Among T.S. Eliot’s friendships, the longest-lived attachment to a woman was his connection with Emily Hale (daughter of a Bostonian architect who was also a minister), which began when he was a student at Harvard. Miss Hale (1891–1969) became a teacher of speech and drama, and the pair met during the 1930s in America and England. For decades, Eliot wrote to the lady often and regularly; but the correspondence ended in the late 1950s, when he married Valerie Fletcher. Miss Hale gave her friend’s letters to Princeton University, stipulating that they remain sealed until the year 2020.

In a new account of Eliot’s career as a poet, Ronald Bush offers some piquant reflections on the correspondence:

[These letters] were undoubtedly full of pointed silences. The letters, however, also must have resonated with that special kind of indulgent tenderness that two people assume when they can be attentive without deception. Yet that kind of tenderness has its dangers. For someone suffering the pains of a marriage like Eliot’s, the mannered intimacy of such letters can come to acquire the allure of a fantom that seems to need only a little extra attention to make it come alive. That feeling or something like it seems to have impressed itself on Eliot after he broke with Vivien in America. [P. 185]

Bush says that Emily Hale’s meetings with Eliot during the years 1932–1935 forced him to “confront one of his most firmly repressed wishes…. [She] beckoned him to start over again, and the thought intoxicated him” (pp. 185–186). Bush reminds us that the couple visited Burnt Norton together; and he then examines the poem “Burnt Norton” as a meditation on the longings aroused in the poet by the moments in the deserted garden.

Obviously, that garden seemed to Eliot a poignant symbol of the life he had missed; the title asks us to make the bridge. For those who have learned about the presence of Emily Hale in the scene, it is hard to exclude her from the story of the making of the poem. But nowhere in the verses do we meet the least allusion to the lady or the least need to think of her.

Bush’s opinions are not a contribution to the biography of the poet and not an illumination of the poem. They excite an interest in Eliot’s emotional development like that excited by the play Tom and Viv, which has been darkening the London stage. Yet Bush follows his suggestive introduction to “Burnt Norton” with a twenty-page analysis of the poem in which Emily Hale never appears.

The effect is a ubiquitous feature of literary biography. By demonstrating a mastery of the data of an artist’s life, by first stimulating and then satisfying our natural curiosity, the scholar seems to validate his authority to interpret and appraise the accomplishment of genius.Nevertheless, it is one mark of genius that the work transcends the circumstances of the life. The most detailed familiarity with a poet as son, husband, and father need not equip one to judge his poems—too many widows’ memoirs tell us as much. Data do not speak until they are spoken to; and if one asks the wrong questions, one hears pointless replies.
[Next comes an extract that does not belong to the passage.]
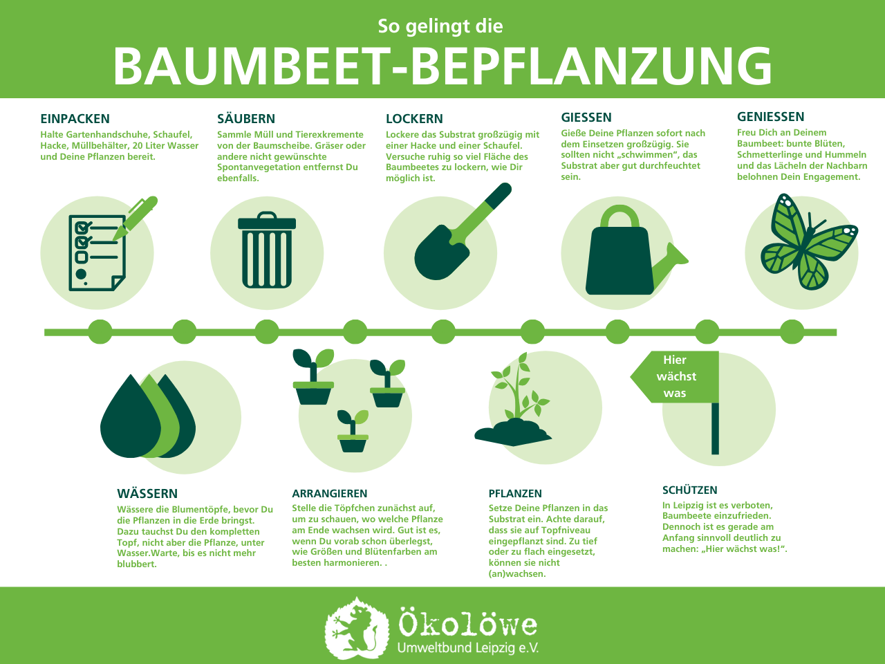 Muss ich mein Baumbeet bei der Stadt anmelden? Welche Blühpflanzen entwickeln sich gut im Baumbeet? Wie häufig muss ich gießen? Wir Ökolöwen teilen mit Dir unsere Erfahrungen beim Anlegen und Pflegen eines Baumbeetes.

Biography can indeed eliminate certain mistakes—particularly those which depend on false chronology. It can establish links and make certain influences probable. It can trace the stages of composition of a poem and teach us which texts are authentic. However, it will positively elucidate the works of an artist only to the extent that they invite one to incorporate biographical allusions into their meaning.
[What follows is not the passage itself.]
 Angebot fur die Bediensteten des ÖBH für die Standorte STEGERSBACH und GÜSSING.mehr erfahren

The poet himself is simply one more reader when he tries to establish the merits of his work; and any explanations he may offer must be tested by independent study. Eliot has sometimes been proved wrong when he tried to correct the errors of his readers, and the tales he tells of his own development can rarely be accepted without emendation.
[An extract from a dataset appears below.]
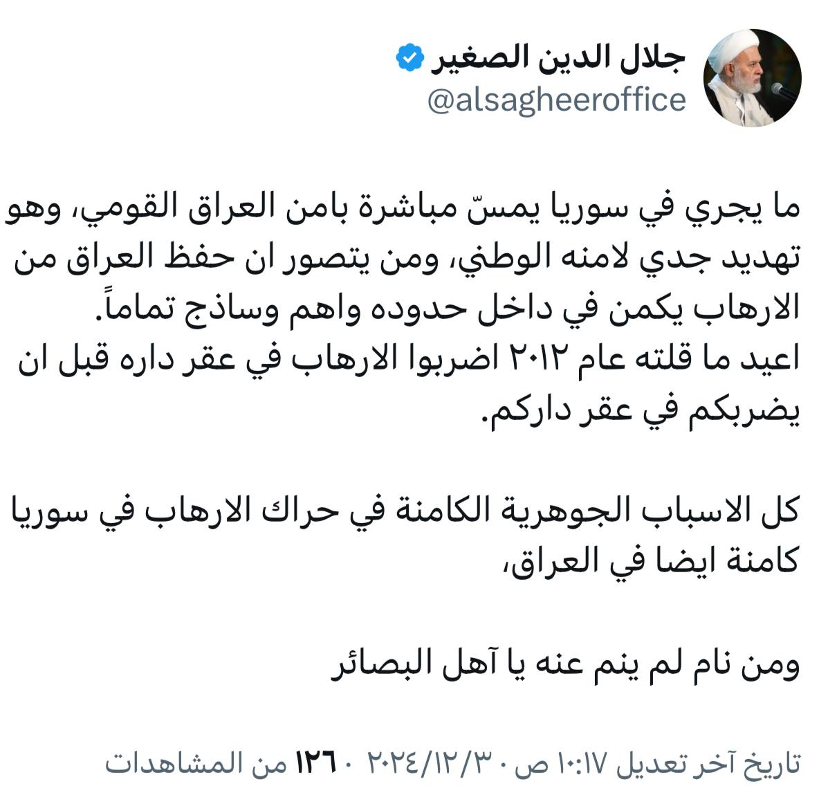 الشيخ جلال الدين الصغير مغردا : ما يجري في سوريا يمس مباشرة بالامن القومي العراقي

In offering this doctrine, I do not underestimate Bush’s admirable research. He succeeds a number of careful scholars who have drawn more and more fully on Eliot’s unpublished letters, lectures, and drafts of poems. F.O. Matthiessen, Elizabeth Schneider, Helen Gardner, and A. D. Moody are among those who have commented scrupulously on the poems with the advantage of fresh information about their composition. Nobody has been more energetic than Bush.

Although he sensibly quotes many passages that his predecessors have used, he has mastered a corpus that most critics barely touch. Bush has gone through all the published material, including quantities of early reviews and miscellaneous essays that have never been collected. One example of his thoroughness is an unsigned, brief notice published in The Criterion (1936), which bears the marks of Eliot’s style and was certainly passed by him as editor. Bush quotes it in relation to the moral claims of the poet in “Little Gidding.”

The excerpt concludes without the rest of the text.